Earlier this year, an economist named Branko Milanović published a book called “Global Inequality: A New Approach for the Age of Globalization.” It’s a progress report on the “system” that Friedman heralded. Milanović analyzes global economic data from the past quarter century and concludes that the world has become more equal—poor countries catching up with rich ones—but that Western democracies have become less equal. Globalization’s biggest winners are the new Asian middle and upper classes, and the one-per-centers of the West: these groups have almost doubled their real incomes since the late eighties. The biggest losers are the American and European working and middle classes—until very recently, their incomes hardly budged. [...]
Summers described the current Democratic Party as “a coalition of the cosmopolitan élite and diversity.” The Republicans, he went on, combined “social conservatism and an agenda of helping rich people.” These alignments left neither party in synch with Americans like Mark Frisbie: “All these regular people who thought they are kind of the soul of the country—they feel like there was nobody who seemed to be thinking a lot about them.” In 2004, the political scientist Samuel Huntington published his final book, “Who Are We? The Challenges to America’s National Identity.” He used the term “cosmopolitan élites” to describe Americans who are at home in the fluid world of transnational corporations, dual citizenship, blended identities, and multicultural education. Such people dominate our universities, tech companies, publishers, nonprofits, entertainment studios, and news media. They congregate in cities and on the coasts. Lately, they have become particularly obsessed with the food they eat. The locavore movement, whatever its benefits to health and agriculture, is an inward-looking form of activism. When you visit a farm-to-table restaurant and order the wild-nettle sformato for thirty dollars, the line between social consciousness and self-gratification disappears. Buying synthetic-nitrate-free lunch meat at Whole Foods is also a way to isolate yourself from contamination by the packaged food sold at Kmart and from the overweight, downwardly mobile people who shop there. The people who buy food at Kmart know it. [...]

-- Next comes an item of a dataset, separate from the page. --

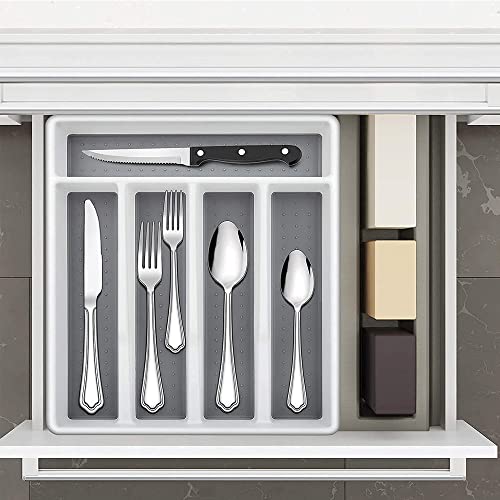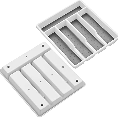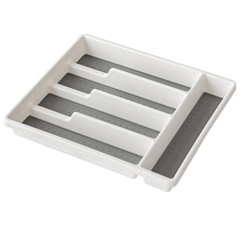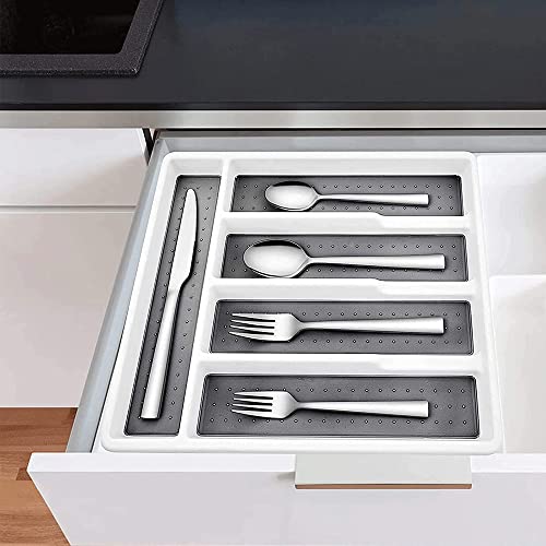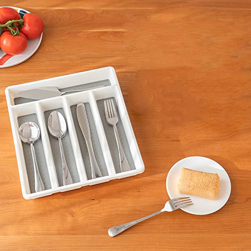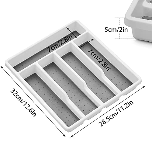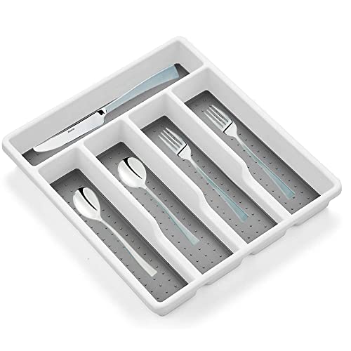 Rousey - صينية تنظيم أدوات مائدة للأدراج مقسمة إلى 5 أجزاء، صينية أدوات مائدة بلاستيكية بلون أبيض لتخزين الملاعق والشوك والسكاكين من روسي

She was right. Obama was expressing a widespread liberal attitude toward Republican-voting workers—that is, he didn’t take them seriously. Guns and religion, as much as jobs and incomes, are the authentic interest of millions of Americans. Trade and immigration have failed to make their lives better, and, arguably, left them worse off. And if the Democratic Party was no longer on their side—if government programs kept failing to improve their lives—why not vote for the party that at least took them seriously? [...]
The conservative marriage survived the embarrassment of Palin’s campaign, which exposed her as someone more interested in getting on TV than in governing. It rode the nihilistic anger of the Tea Party and the paranoid rants of Glenn Beck. It benefitted from heavy spending by the Koch brothers and ignored the barely disguised racism that some Republican voters directed at the black family now occupying the White House. When Trump and others began questioning President Obama’s birth certificate, Party élites turned a blind eye; the rank and file, for their part, fell in behind Mitt Romney, a Harvard-educated investor. The persistence of this coalition required an immense amount of self-deception on both sides. Romney, who belonged to a class that greatly benefitted from cheap immigrant labor, had to pretend to be outraged by the presence of undocumented workers. Lower-middle-class Midwestern retirees who depended on Social Security had to ignore the fact that the representatives they kept electing, like Paul Ryan, wanted to slash their benefits. Veterans of Iraq and Afghanistan returned to Indiana and Texas embittered at having lost their youth in unwinnable wars, while conservative pundits like Kristol kept demanding new ones—but their shared contempt for liberal élites kept them from noticing the Republican Party’s internal conflicts. In this way, red states and blue states—the color-coding scheme enshrined by the networks on the night of the 2000 Presidential election—continued to define the country’s polarization into mutually hateful camps.